# Your goal:
In the copy, keep every line below as it is and leave out the pictures.

# Dataset content:
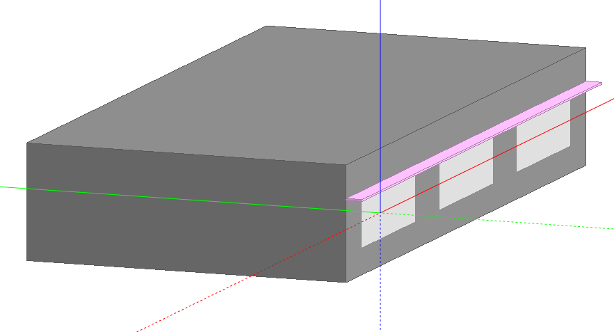 1. Draw a component block above the windows on the south façade to represent the 0.5m overhang case. The model should look like this.
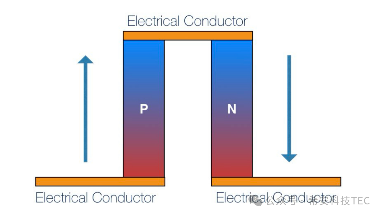 Keď jednosmerný prúd prechádza cez termočlánok, polovodičové zrná typu P a N (typ P (doplnené trojmocnými prvkami, ako je bór, ktoré majú otvory) vedú elektrinu cez otvory a stanú sa kladne nabité; Dvojica typu N (dotovaná päťmocnými prvkami, ako je fosfor), ktorá vedie elektrickú energiu elektrónmi a je záporne nabitá.
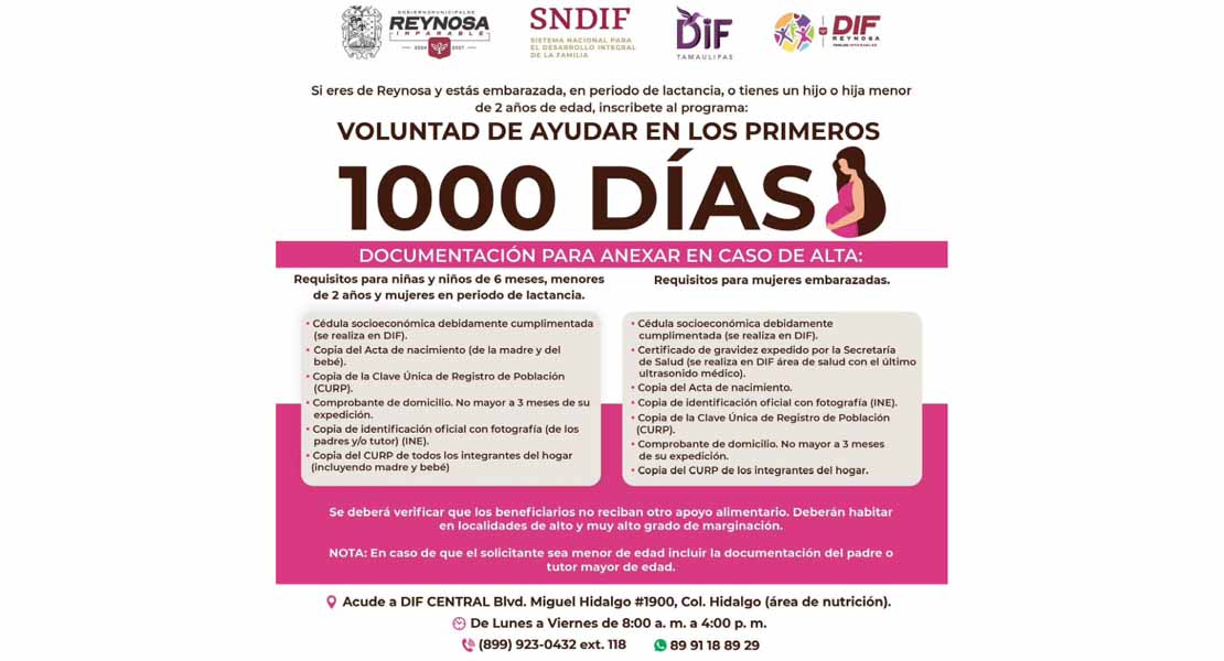 Reynosa, Tam.- Con el propósito de continuar impulsando el bienestar de las familias y apoyar a mujeres embarazadas, así como a niñas y niños en sus primeros años de vida, el Sistema DIF-Reynosa invita a inscribirse al programa “Voluntad de Ayudar en los Primeros 1000 Días”, una iniciativa que promueve la buena nutrición y el desarrollo saludable durante las etapas más importantes de crecimiento.

# Response to the task:
 1. Draw a component block above the windows on the south façade to represent the 0.5m overhang case. The model should look like this.
 Keď jednosmerný prúd prechádza cez termočlánok, polovodičové zrná typu P a N (typ P (doplnené trojmocnými prvkami, ako je bór, ktoré majú otvory) vedú elektrinu cez otvory a stanú sa kladne nabité; Dvojica typu N (dotovaná päťmocnými prvkami, ako je fosfor), ktorá vedie elektrickú energiu elektrónmi a je záporne nabitá.
 Reynosa, Tam.- Con el propósito de continuar impulsando el bienestar de las familias y apoyar a mujeres embarazadas, así como a niñas y niños en sus primeros años de vida, el Sistema DIF-Reynosa invita a inscribirse al programa “Voluntad de Ayudar en los Primeros 1000 Días”, una iniciativa que promueve la buena nutrición y el desarrollo saludable durante las etapas más importantes de crecimiento.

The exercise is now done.